## ASSIGNMENT:
Without reproducing any picture, copy the records word for word.

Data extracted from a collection

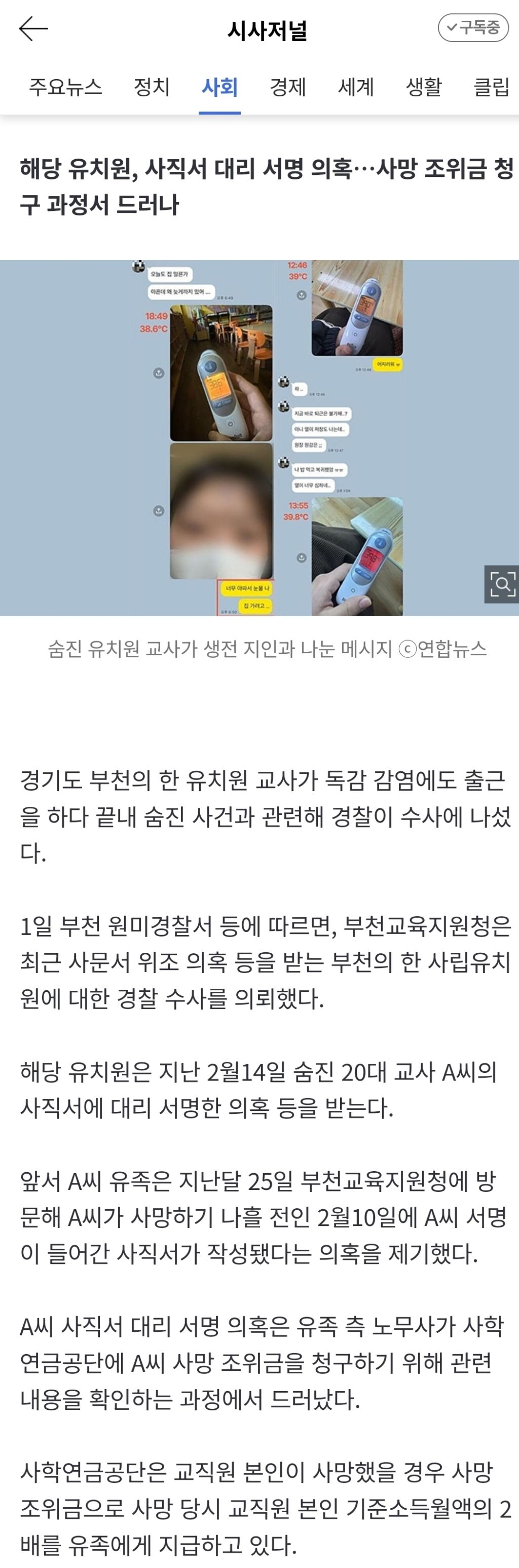 [기사]'독감 출근' 부천 유치원 교사 사망…교육 당국, 경찰 수사 의뢰 작성자대장오리|작성시간26.04.01|조회수385 목록 댓글 3 글자크기 작게가 글자크기 크게가 《 우리 동네 목욕탕 / 대장오리》 https://naver.me/FetTCZJi'독감 출근' 부천 유치원 교사 사망…교육 당국, 경찰 수사 의뢰해당 유치원, 사직서 대리 서명 의혹…사망 조위금 청구 과정서 드러나 경기도 부천의 한 유치원 교사가 독감 감염에도 출근을 하다 끝내 숨진 사건과 관련해 경찰이 수사에 나섰다. 1일 부천 원n.news.naver.com(중략)오리들아 딱 30초만 할애해서 출처가서 후속강추 눌러줘 다음검색 현재 게시글 추가 기능 열기 북마크 공유하기 신고 센터로 신고 댓글 댓글 3 댓글쓰기 답글쓰기 댓글 리스트 작성자여름의 빌라 | 작성시간 26.04.01 new 눌렀슨.. 너무 마음 아프다 작성자엄만 블랙핑크같아 아빠는 그냥 한남 | 작성시간 26.04.01 new 후속강추 눌렀다 어제 뉴스로 보고 나도 기사 퍼오긴 했는데 참.. 그와중에 저런 대처를 했다는게 놀랍더라 작성자늘푸르길 | 작성시간 26.04.01 new 여초 직장일입니다 관심 좀 부탁 댓글 전체보기
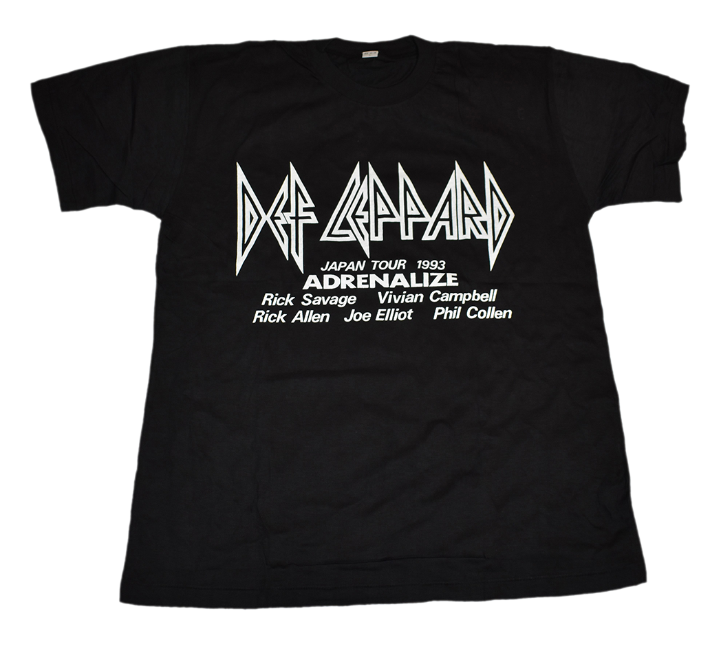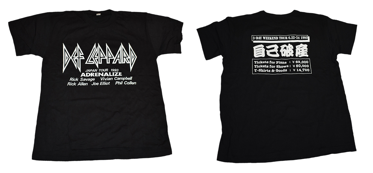 Back to basics with this plain black tee featuring a white Def Leppard logo. "Japan Tour 1993," "Adrenalize," and the names of the band members are printed on the front. The back features incorrect dates for the final weekend of the Adrenalize Tour Japan. The shirt reads "6.22-24" along with a menu of prices for plane tickets, concert admission, and a swag allowance. But this final Japanese weekend ran at the Nippon Budokan 21st June through 23rd June, 1993. A rare misprint! From the collection of Def Leppard.
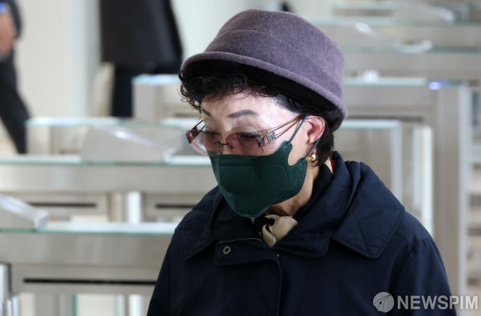 [서울=뉴스핌] 최지환 기자 = 양평 공흥지구 개발 특혜 의혹을 받는 김건희 여사의 모친 최은순 씨가 4일 오전 서울 종로구광화문 KT 빌딩에 마련된 김건희특검 사무실에 피의자 신분으로 출석하고 있다. 2025.11.04 choipix16@newspim.com
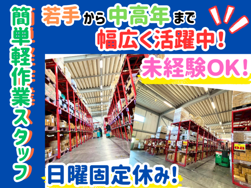 【未経験大歓迎✨日曜固定休み!】簡単・シンプル作業◎20~50代までの男女スタッフ活躍中!車・バイク通勤可能
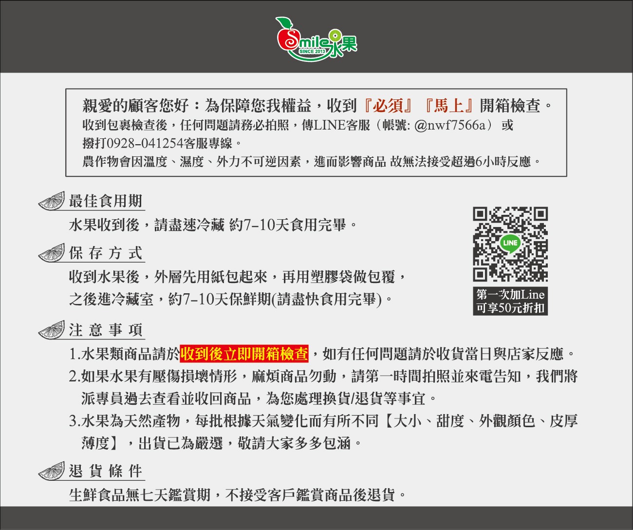 ⚠️ 注意事項:• 智利櫻桃可能有表面壓痕或天然生長紋路,屬正常現象,不影響食用品質。• 水果為天然農產品,大小、色澤、甜度、軟硬度皆可能略有差異。• 出貨前皆由人工挑選,仍可能有 2–3 顆輕微瑕疵果,屬合理範圍。• 收到商品請務必立即錄影開箱;如有缺件或嚴重瑕疵,請於 24 小時內提供照片/影片與客服聯繫。• 生鮮商品不適用 7 天鑑賞期,恕不接受因個人口感或外觀差異退換貨。【天然產物無法完全控管,完美主義者請斟酌下單】
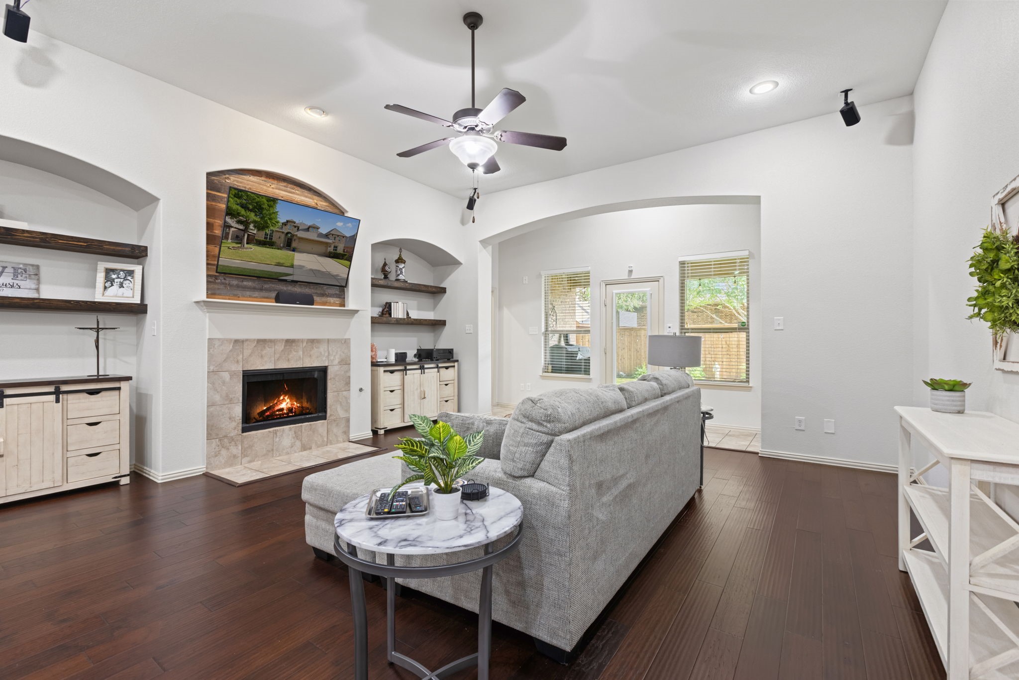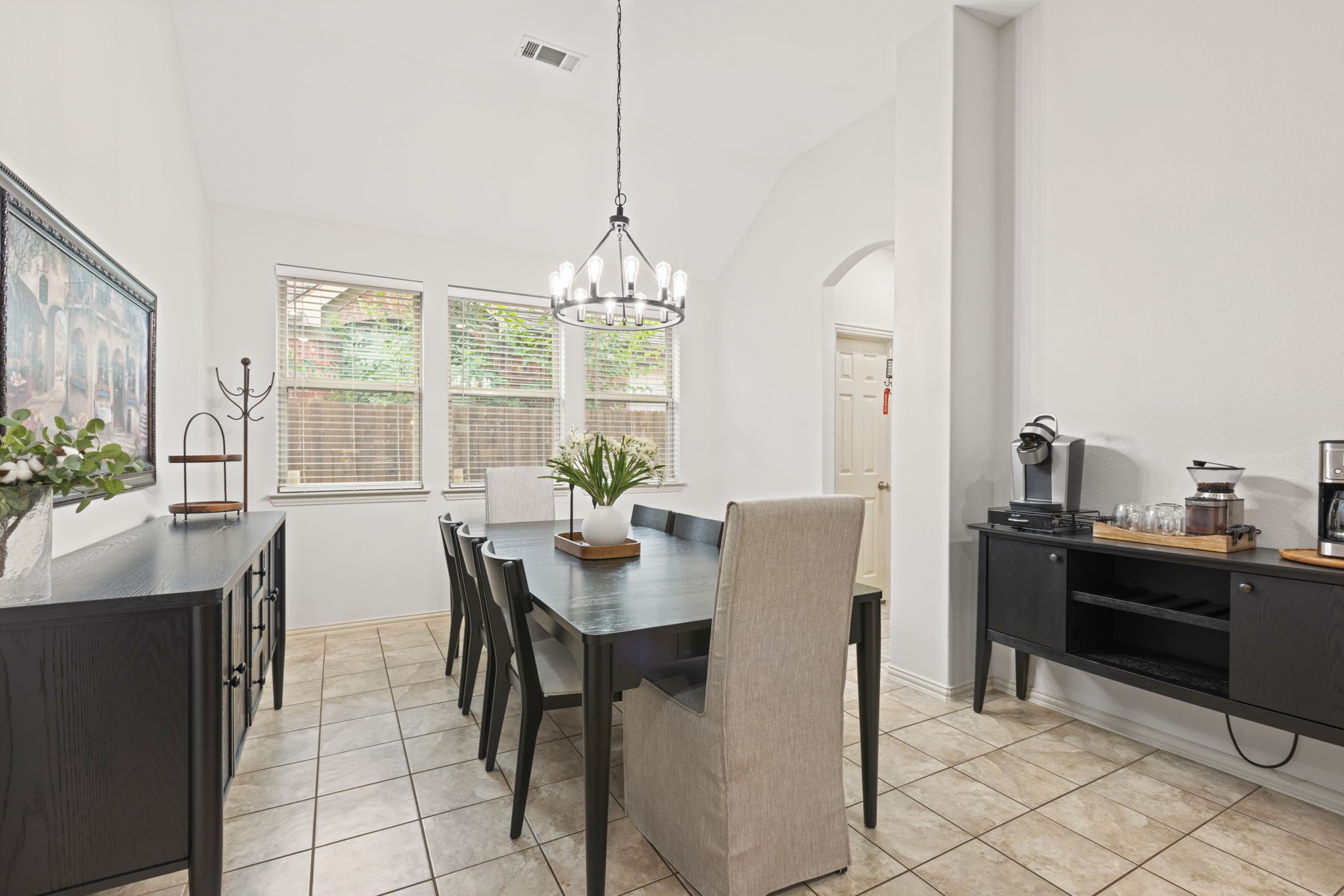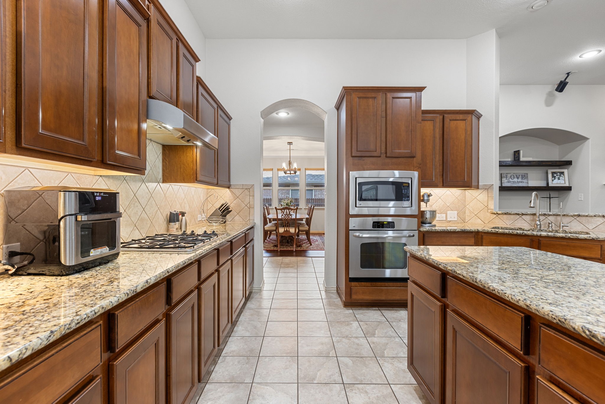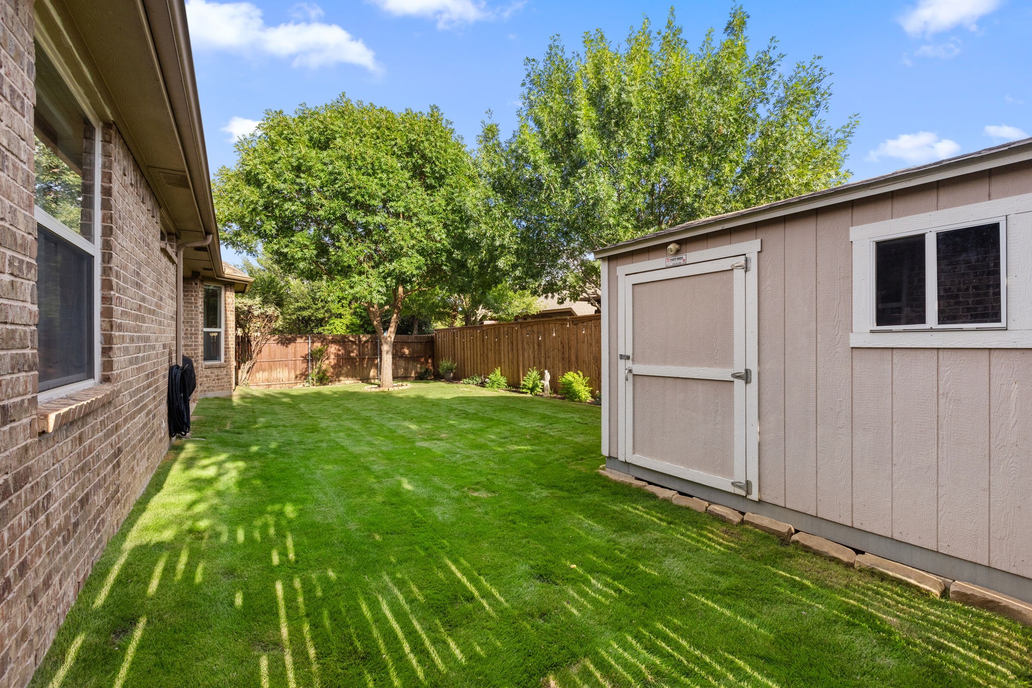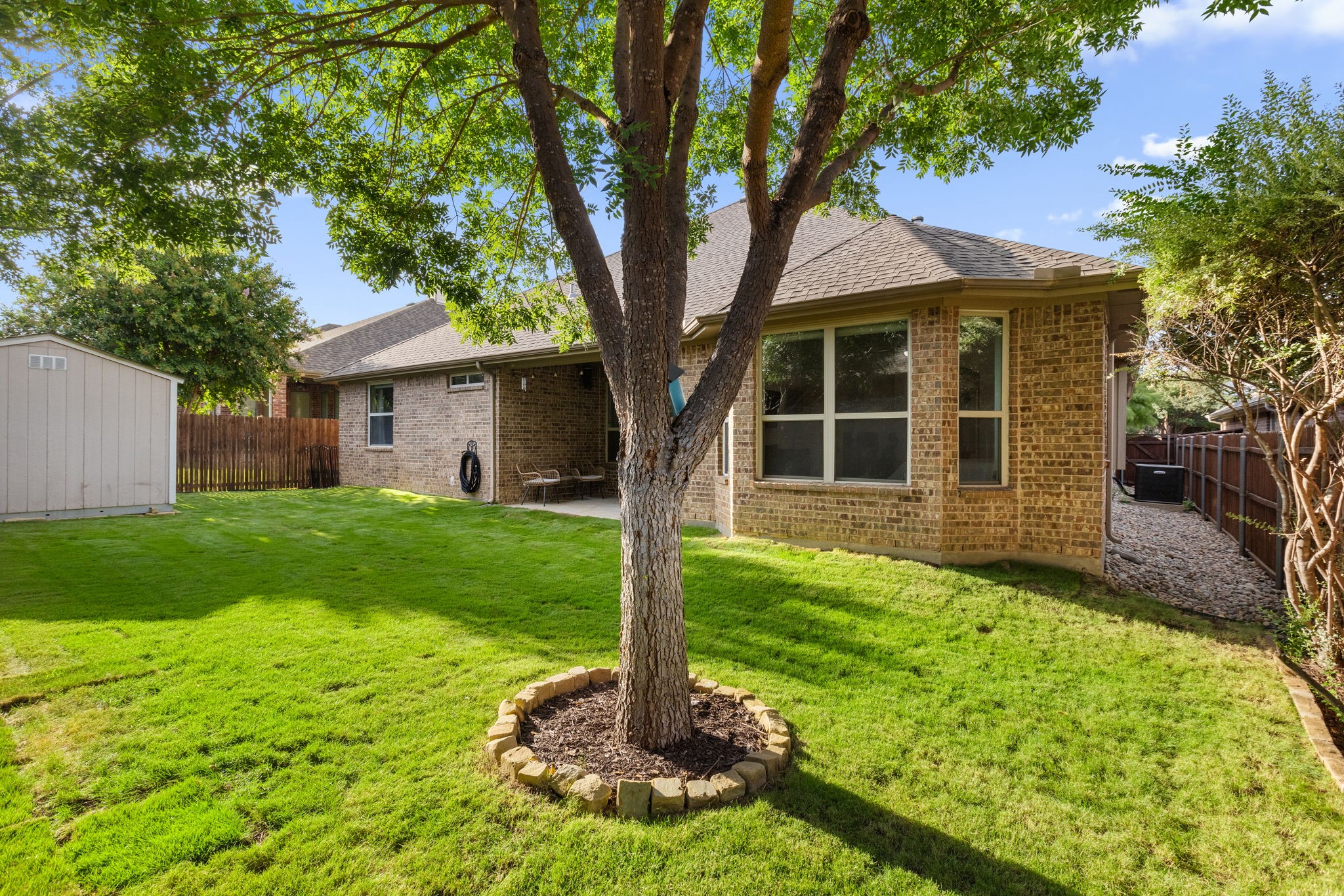 Welcome to this oversized single-story home in the sought-after Saratoga community. Designed with an open-concept layout, high ceilings, and abundant natural light, this home offers the perfect blend of comfort and style. At the heart of the home is a chef's kitchen featuring granite countertops, an abundance of cabinet space, a large island, stainless steel appliances, and an inviting eat-in area. Just off the kitchen, you'll find a formal dining room, ideal for hosting gatherings. The spacious living room flows seamlessly from the kitchen, offering backyard views and plenty of room for entertaining. The master suite is truly impressive, with a massive bedroom and a spa-like bathroom complete with dual sinks, a soaking tub, separate shower, and a large walk-in closet. Secondary bedrooms are generously sized with ample closet space, making them perfect for family, guests, or a home office. Convenience is key with a large utility room that includes built-in cabinetry, washer and dryer connections, and direct access to the garage. Step outside to your private backyard retreat featuring a covered patio, lush green space, and a storage shed--ideal for outdoor living and entertaining. Residents of Saratoga enjoy access to community amenities, including a sparkling pool and neighborhood park. This home combines space, function, and style--don't miss the opportunity to make it yours!
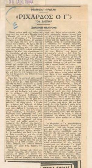 Πρόγραμμα για την παράσταση "Ριχάρδος ο Γ'" (1960)

## WRITTEN RESPONSE:
 [기사]'독감 출근' 부천 유치원 교사 사망…교육 당국, 경찰 수사 의뢰 작성자대장오리|작성시간26.04.01|조회수385 목록 댓글 3 글자크기 작게가 글자크기 크게가 《 우리 동네 목욕탕 / 대장오리》 https://naver.me/FetTCZJi'독감 출근' 부천 유치원 교사 사망…교육 당국, 경찰 수사 의뢰해당 유치원, 사직서 대리 서명 의혹…사망 조위금 청구 과정서 드러나 경기도 부천의 한 유치원 교사가 독감 감염에도 출근을 하다 끝내 숨진 사건과 관련해 경찰이 수사에 나섰다. 1일 부천 원n.news.naver.com(중략)오리들아 딱 30초만 할애해서 출처가서 후속강추 눌러줘 다음검색 현재 게시글 추가 기능 열기 북마크 공유하기 신고 센터로 신고 댓글 댓글 3 댓글쓰기 답글쓰기 댓글 리스트 작성자여름의 빌라 | 작성시간 26.04.01 new 눌렀슨.. 너무 마음 아프다 작성자엄만 블랙핑크같아 아빠는 그냥 한남 | 작성시간 26.04.01 new 후속강추 눌렀다 어제 뉴스로 보고 나도 기사 퍼오긴 했는데 참.. 그와중에 저런 대처를 했다는게 놀랍더라 작성자늘푸르길 | 작성시간 26.04.01 new 여초 직장일입니다 관심 좀 부탁 댓글 전체보기
 Back to basics with this plain black tee featuring a white Def Leppard logo. "Japan Tour 1993," "Adrenalize," and the names of the band members are printed on the front. The back features incorrect dates for the final weekend of the Adrenalize Tour Japan. The shirt reads "6.22-24" along with a menu of prices for plane tickets, concert admission, and a swag allowance. But this final Japanese weekend ran at the Nippon Budokan 21st June through 23rd June, 1993. A rare misprint! From the collection of Def Leppard.
 [서울=뉴스핌] 최지환 기자 = 양평 공흥지구 개발 특혜 의혹을 받는 김건희 여사의 모친 최은순 씨가 4일 오전 서울 종로구광화문 KT 빌딩에 마련된 김건희특검 사무실에 피의자 신분으로 출석하고 있다. 2025.11.04 choipix16@newspim.com
 【未経験大歓迎✨日曜固定休み!】簡単・シンプル作業◎20~50代までの男女スタッフ活躍中!車・バイク通勤可能
 ⚠️ 注意事項:• 智利櫻桃可能有表面壓痕或天然生長紋路,屬正常現象,不影響食用品質。• 水果為天然農產品,大小、色澤、甜度、軟硬度皆可能略有差異。• 出貨前皆由人工挑選,仍可能有 2–3 顆輕微瑕疵果,屬合理範圍。• 收到商品請務必立即錄影開箱;如有缺件或嚴重瑕疵,請於 24 小時內提供照片/影片與客服聯繫。• 生鮮商品不適用 7 天鑑賞期,恕不接受因個人口感或外觀差異退換貨。【天然產物無法完全控管,完美主義者請斟酌下單】
 Welcome to this oversized single-story home in the sought-after Saratoga community. Designed with an open-concept layout, high ceilings, and abundant natural light, this home offers the perfect blend of comfort and style. At the heart of the home is a chef's kitchen featuring granite countertops, an abundance of cabinet space, a large island, stainless steel appliances, and an inviting eat-in area. Just off the kitchen, you'll find a formal dining room, ideal for hosting gatherings. The spacious living room flows seamlessly from the kitchen, offering backyard views and plenty of room for entertaining. The master suite is truly impressive, with a massive bedroom and a spa-like bathroom complete with dual sinks, a soaking tub, separate shower, and a large walk-in closet. Secondary bedrooms are generously sized with ample closet space, making them perfect for family, guests, or a home office. Convenience is key with a large utility room that includes built-in cabinetry, washer and dryer connections, and direct access to the garage. Step outside to your private backyard retreat featuring a covered patio, lush green space, and a storage shed--ideal for outdoor living and entertaining. Residents of Saratoga enjoy access to community amenities, including a sparkling pool and neighborhood park. This home combines space, function, and style--don't miss the opportunity to make it yours!
 Πρόγραμμα για την παράσταση "Ριχάρδος ο Γ'" (1960)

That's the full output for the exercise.